# Blanket from Litter for New Puppy?



## Jack Meirod (May 29, 2013)

I've read in a number of places that it may be a good idea to put a blanket with the scent of mom and littermates in a crate with a new puppy. I've also heard that it is a bad idea, although I'm not sure why. Intuitively, it makes sense, at least for the first few nights to comfort the puppy in a new and strange environment. On the other hand, it might make sense not to confuse the puppy but rather get it used to its new home and family "cold turkey." What are people's views on this?


----------



## Mayve (Aug 21, 2012)

We have always had a blanket or toy from the breeder and have never had an issue. Infact Sage would drag it out of her crate and play with it during the day....she didn't chew on it but would roll and paw at it. After abt a week I washed it and she was still fine!

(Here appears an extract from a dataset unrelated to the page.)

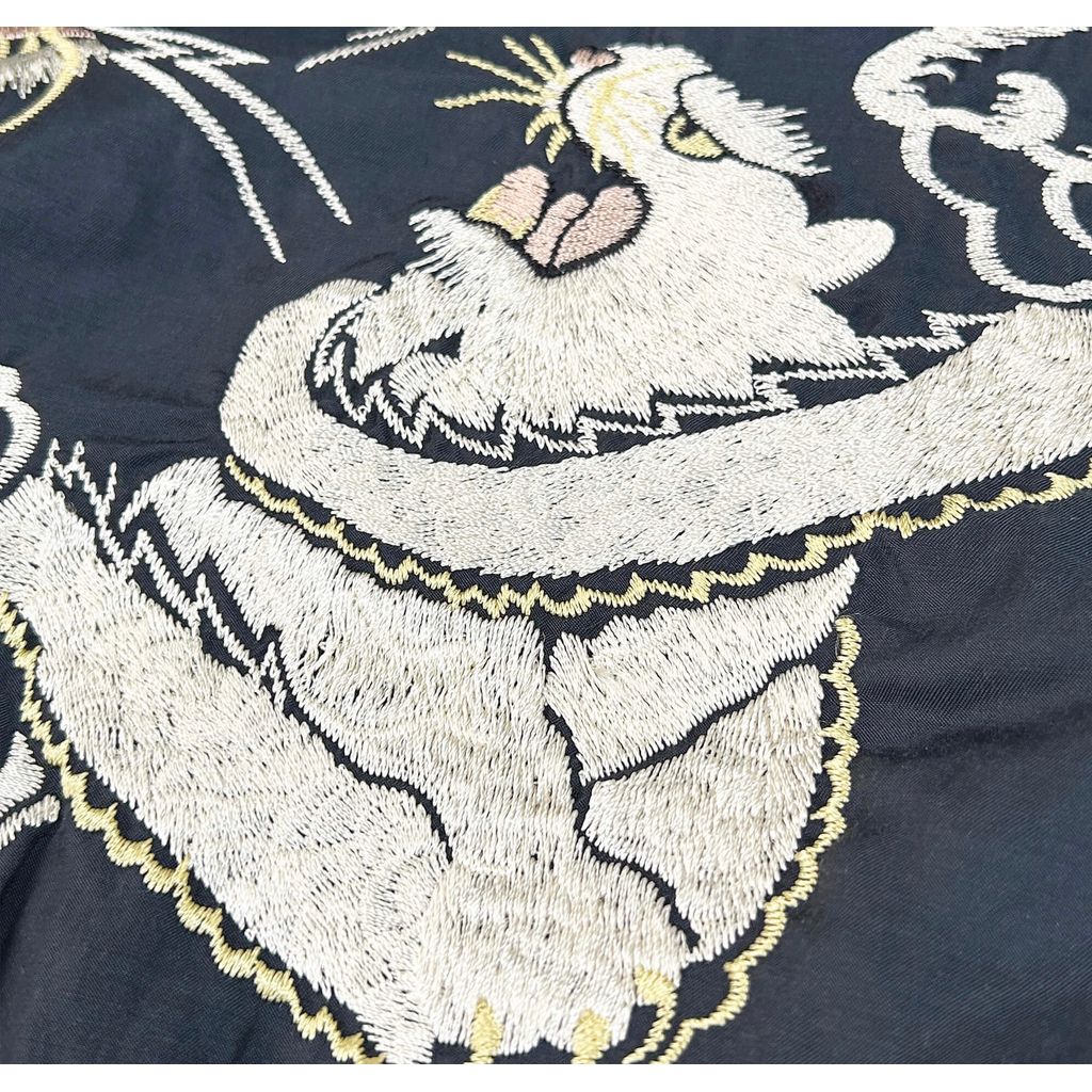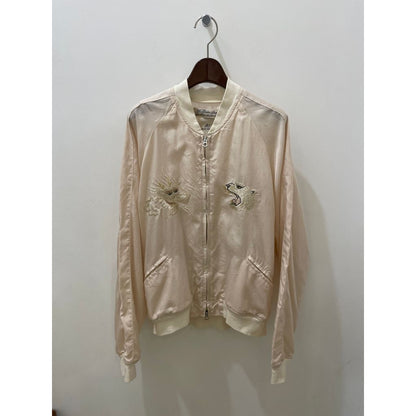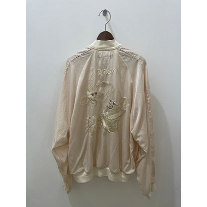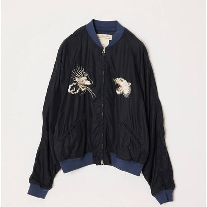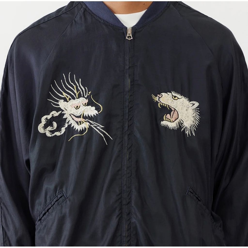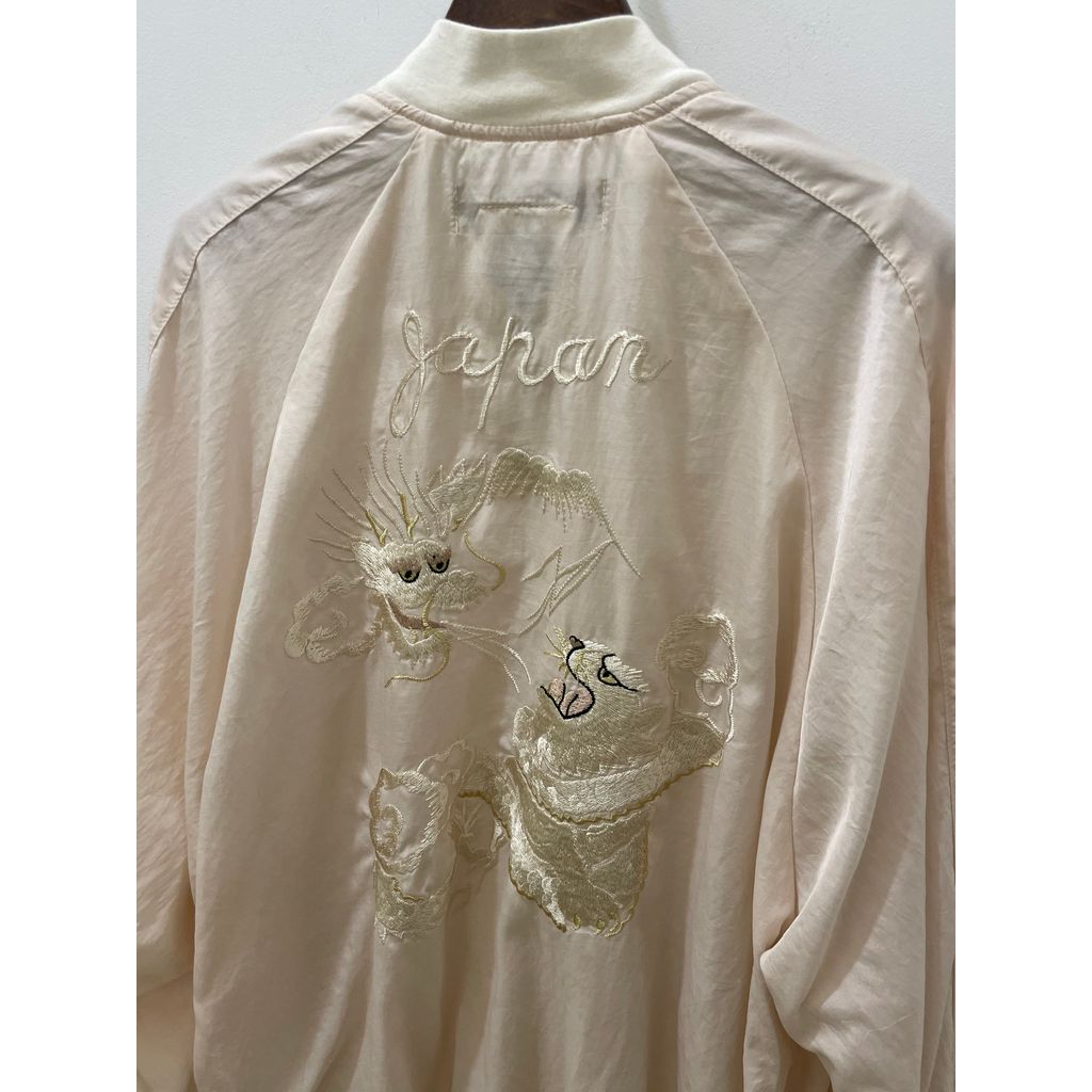 往年のスカジャンを上品にアップデートさせ、シャツのように軽い生地なので春夏に軽い羽織りとしてコーディーネートがしやすいアイテムです。

Sent from Petguide.com Free App


----------



## Kylie (Feb 16, 2013)

I have found that you get a lot more sleep going the blanket route.


----------



## Tahnee GR (Aug 26, 2006)

All of my puppies go home with a soft toy that has been in their pen with them. I think it helps the adjustment, even if just a little bit.


----------



## Willow52 (Aug 14, 2009)

I've never done that but it makes sense. The thing that seemed to make the most difference was having the crate in the bedroom rather than another location in the house.


----------



## CStrong73 (Jun 11, 2012)

We did the blanket thing. I took an old baby blanket when I went to visit the breeder. She put it in with the puppies the last night Rocket was there.
She also sent home a stuffed toy that Rocket's mom had played with.

I think it really helps them settle in.


----------



## Vhuynh2 (Feb 13, 2012)

Molly's breeder gave me a stuffed animal that had been in the own with the puppies. We still have it and it is one of the few toys Molly chose to leave intact. 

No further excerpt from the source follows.